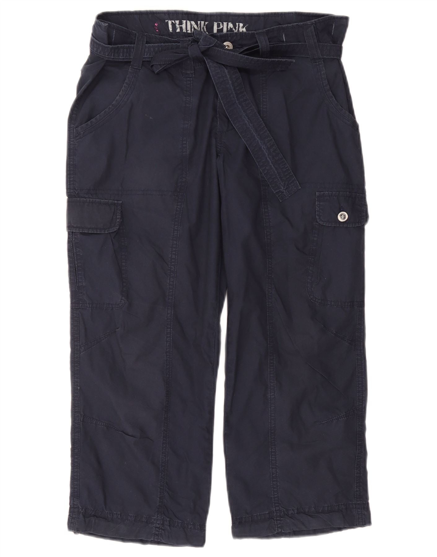 Tænk Pink Dame Straight Cargo Capri Bukser Large W32 L22 Navy Blue
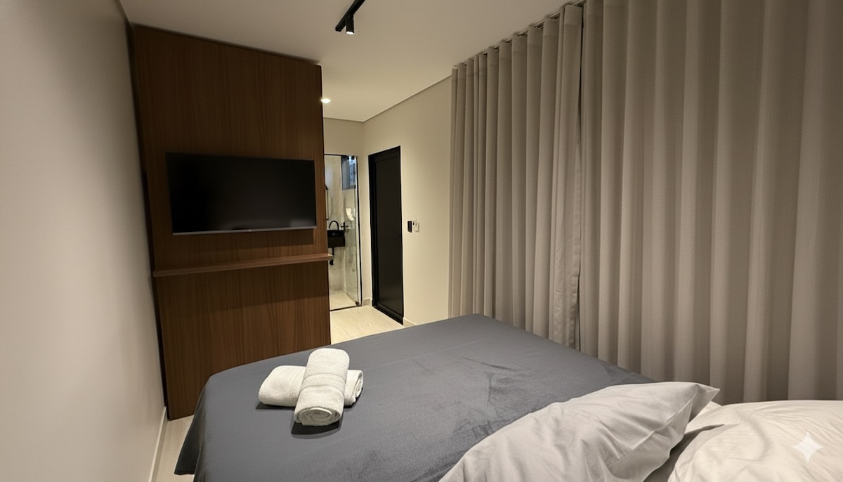Apto203 Conforto e Localização em Formosa-GO Aconchegante, funcional e muito bem localizado! Nosso apê fica a 500m da UNIRV, IESGO, Hospital Regional, SAMU, Fórum, OAB, Supermercados Dia a Dia e Atacadão, além do Restaurante Mediterranium Gastronomia Internacional Ideal para trabalho, estudo ou descanso, o apartamento é completo e recém-decorado. São 2 quartos (1 suíte com ar-condicionado), 2 banheiros, sala com sofá-cama e TV, cozinha equipada e Wi-Fi rápido. Acomoda até 4 pessoas com conforto.
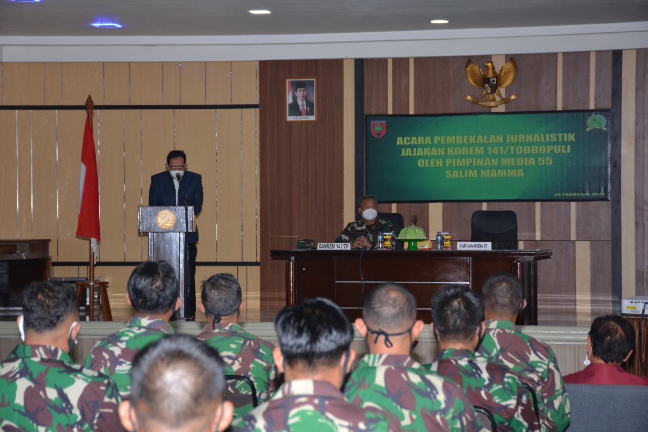 Adapun Sambutan Pimpinan Media 55 Salim Mamma yang Intinya: Saya ucapkan terima kasih Kepada Komandan Korem 141/Tp beserta Staf dan Jajaran Korem 141/Tp. Sehingga acara pembekalan jurnalistik ini terlaksana dengan lancar. “Ucapnya
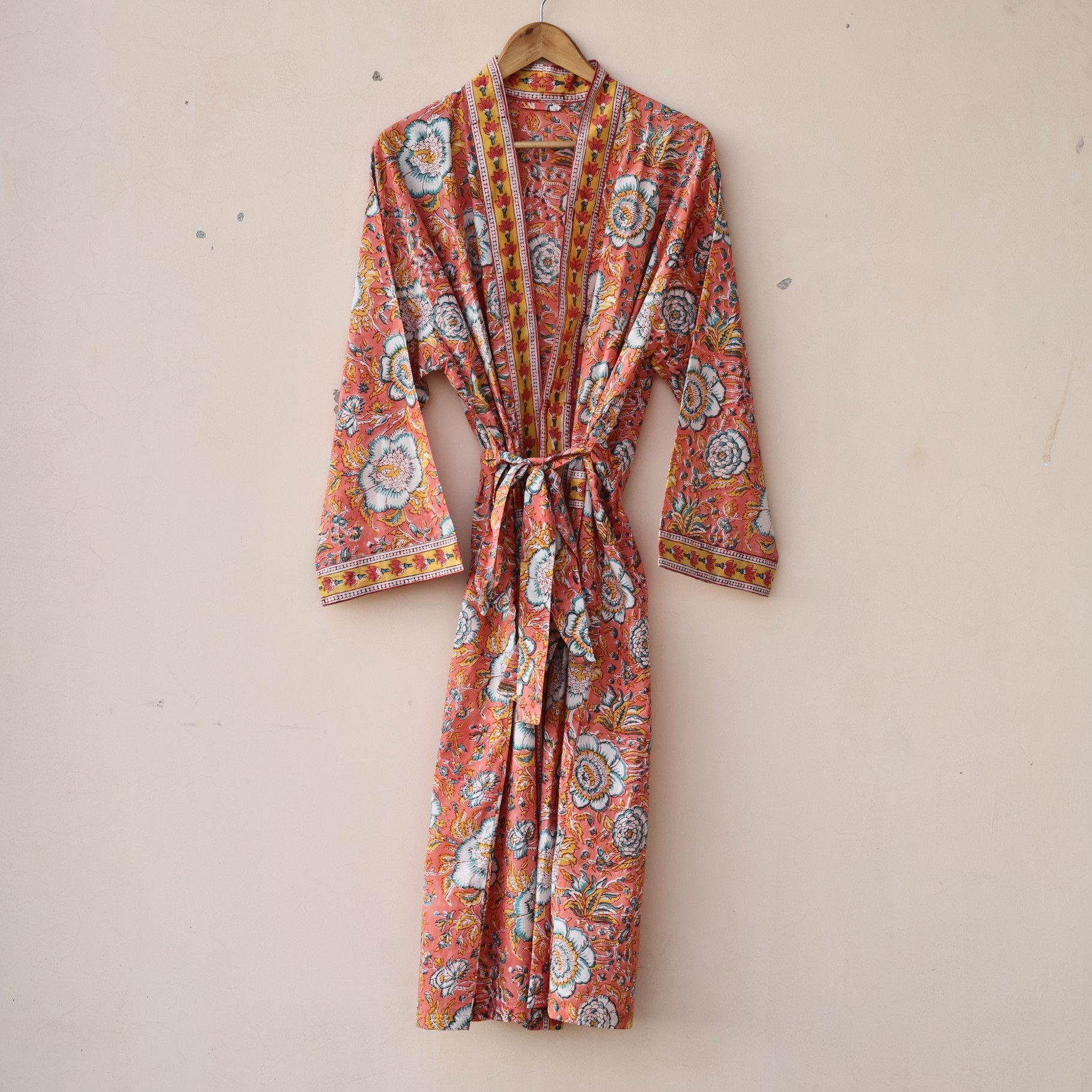 Experience the perfect blend of comfort, style, and artistry with our hand-block printed, reversible cotton quilted kimono. Made from high-quality cotton, this kimono offers exceptional softness and breathability.
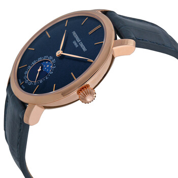 Rose gold-tone stainless steel case with a blue leather strap. Fixed rose gold-tone bezel. Navy blue dial with rose gold-tone hands and index hour markers. Dial Type: Analog. Date and moonphase sub-dial at the 6 o'clock position. Automatic movement. Scratch resistant sapphire crystal. Skeleton case back. Case diameter: 42 mm. Case thickness: 11.7 mm. Round case shape. Tang clasp. Water resistant at 50 meters / 165 feet. Functions: date, hour, minute,monnphase. Luxury watch style. Watch label: Swiss Made. Frederique Constant Slimline Moonphase Automatic Navy Blue Dial Blue Leather Men's Watch FC-705N4S4NN.
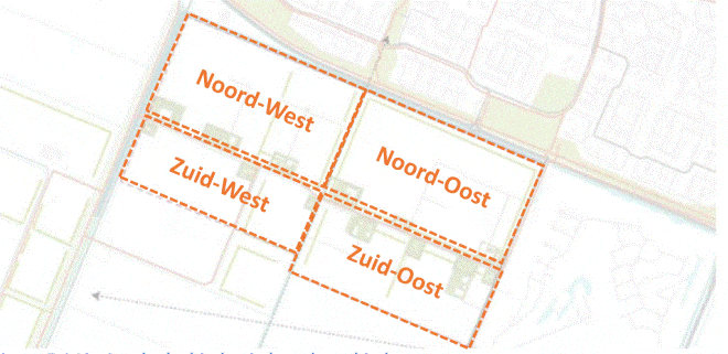 - Hoe het gebied in delen (kwadranten) wordt ontwikkeld. We stellen voor om te starten in het noordoosten. Zie de kaart hieronder.
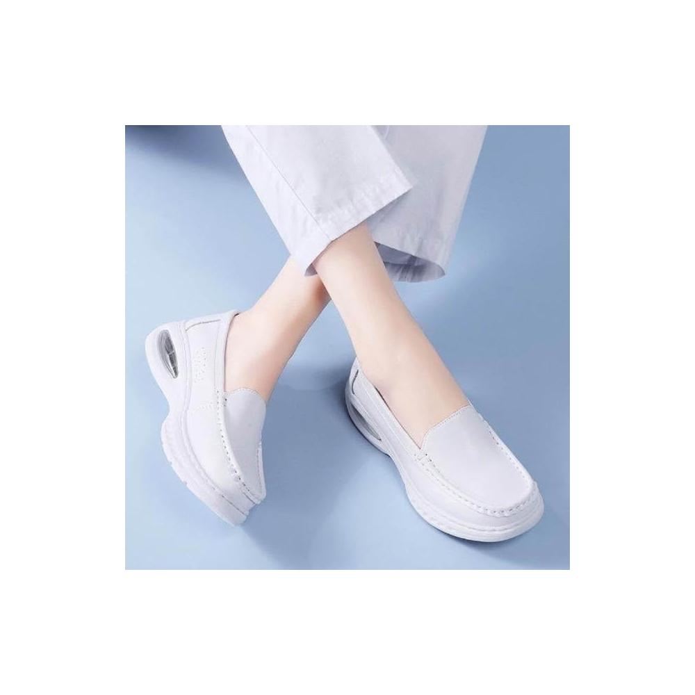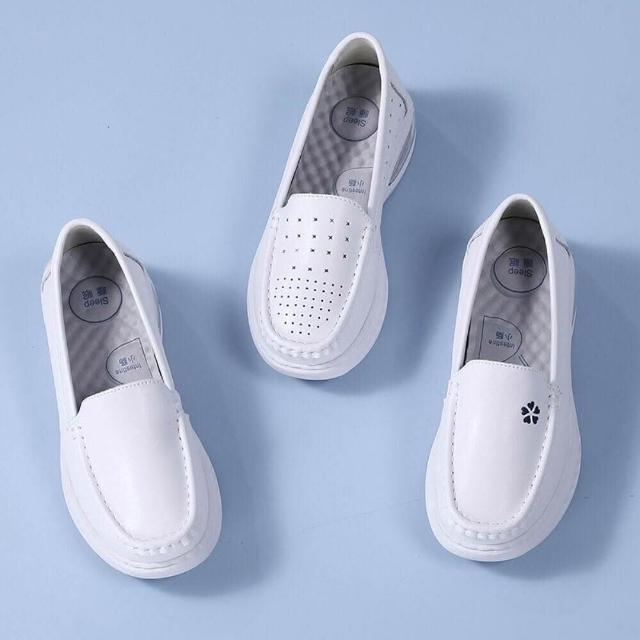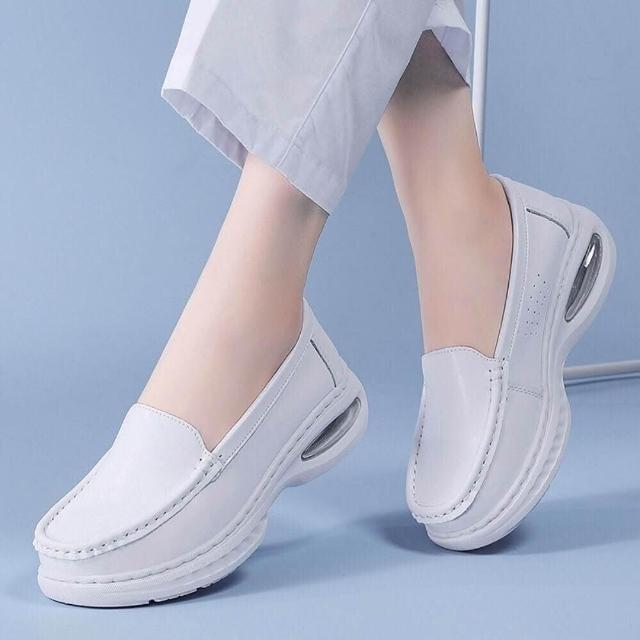 大尺碼護士鞋女帆布鞋軟底透氣久站不累腳白色醫護鞋舒適防滑平底鞋一腳蹬小白鞋耐磨氣墊鞋真牛皮運動休閒鞋內置大氣墊縫製鞋坡跟

------------------------------------------------------------------------

◆ WORK ITEM
With the pictures left out, please output each line from the one containing "Experience the perfect" through the end of the entries, exactly as it is.

◆ SOLUTION TO THE PROBLEM
 Experience the perfect blend of comfort, style, and artistry with our hand-block printed, reversible cotton quilted kimono. Made from high-quality cotton, this kimono offers exceptional softness and breathability.
 Rose gold-tone stainless steel case with a blue leather strap. Fixed rose gold-tone bezel. Navy blue dial with rose gold-tone hands and index hour markers. Dial Type: Analog. Date and moonphase sub-dial at the 6 o'clock position. Automatic movement. Scratch resistant sapphire crystal. Skeleton case back. Case diameter: 42 mm. Case thickness: 11.7 mm. Round case shape. Tang clasp. Water resistant at 50 meters / 165 feet. Functions: date, hour, minute,monnphase. Luxury watch style. Watch label: Swiss Made. Frederique Constant Slimline Moonphase Automatic Navy Blue Dial Blue Leather Men's Watch FC-705N4S4NN.
 - Hoe het gebied in delen (kwadranten) wordt ontwikkeld. We stellen voor om te starten in het noordoosten. Zie de kaart hieronder.
 大尺碼護士鞋女帆布鞋軟底透氣久站不累腳白色醫護鞋舒適防滑平底鞋一腳蹬小白鞋耐磨氣墊鞋真牛皮運動休閒鞋內置大氣墊縫製鞋坡跟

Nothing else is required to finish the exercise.